RU2637095C1 - Method of fire or overheat detection, and device for its implementation - Google Patents

Abstract

FIELD: fire safety.

SUBSTANCE: method of detecting a fire or overheating, which consists in measuring the temperature and rate of its change by the resistance of one or more sensitive elements of a linear thermistor sensor. Controlling the health of these sensitive elements, generate and transmit information about a fire, overheating or detected faults. In addition, the integrity of the liner of a linear thermistor sensor is also controlled by the insulation resistance of the sensing elements. The fire detection or overheating detection device includes a fire detection unit, on the input of which linear thermistor sensors are connected. In the fire detection unit, the resistance of the sensing elements of linear thermoresistive sensors is measured, the resistance of the temperature and its rate of change is calculated, the health of the sensing elements and the integrity of the shell of the linear thermoresistive sensors are checked for the insulation resistance of the sensing elements.

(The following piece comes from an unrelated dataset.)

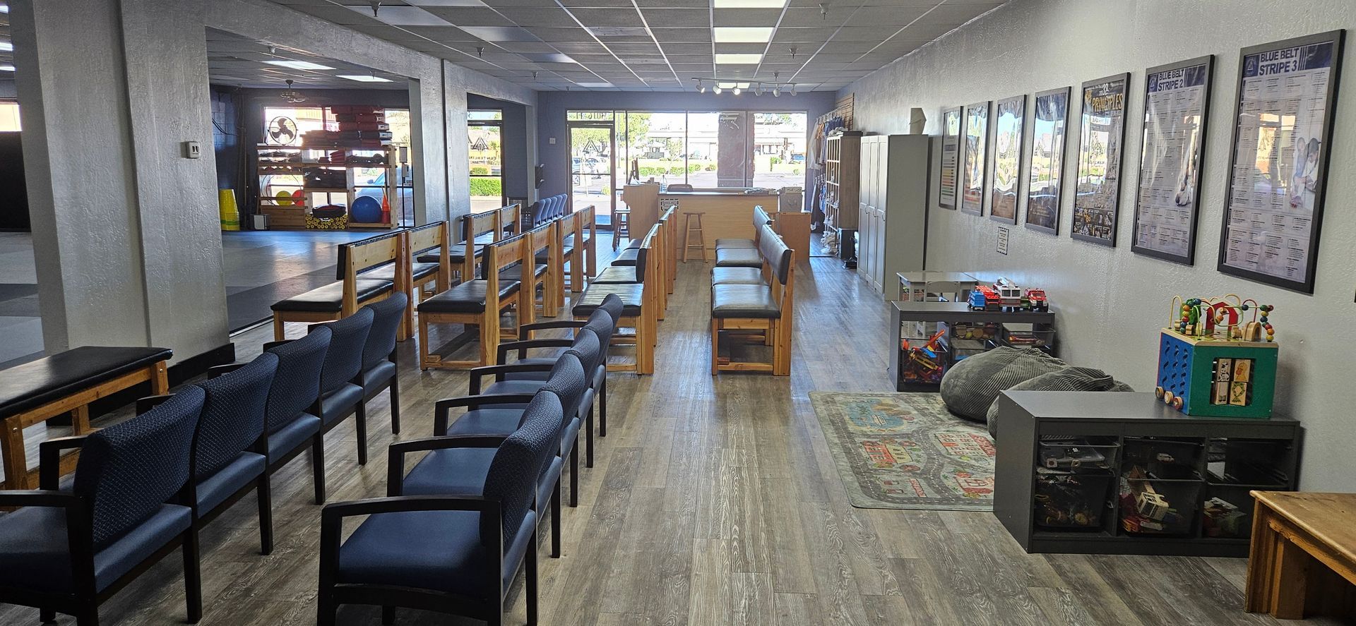 Our front lobby and viewing area offer ample spectator seating, making it easy for parents, family members, and guests to watch classes in a clean, welcoming environment. We also provide a dedicated sibling play area, so families with multiple children can relax knowing everyone has a place to be.

In addition, in the fire detection unit, information on fire, overheating or malfunctions are generated and transmitted to the fire protection system of the monitoring facility. Each linear thermoresistive sensor is a long thin-walled metal shell in which one or more sensing elements are made of metal with a positive temperature coefficient of resistance and isolated from each other and from the shell by a heat-conducting material. Inside the shell, one or more insulated conductors are also placed, relative to which the insulation resistance of the sensing elements is measured. A sign of violation of the integrity of the shell of a linear thermistor sensor, through which a corresponding failure signal is generated in the fire detection unit, is the achievement of the minimum acceptable insulation resistance value.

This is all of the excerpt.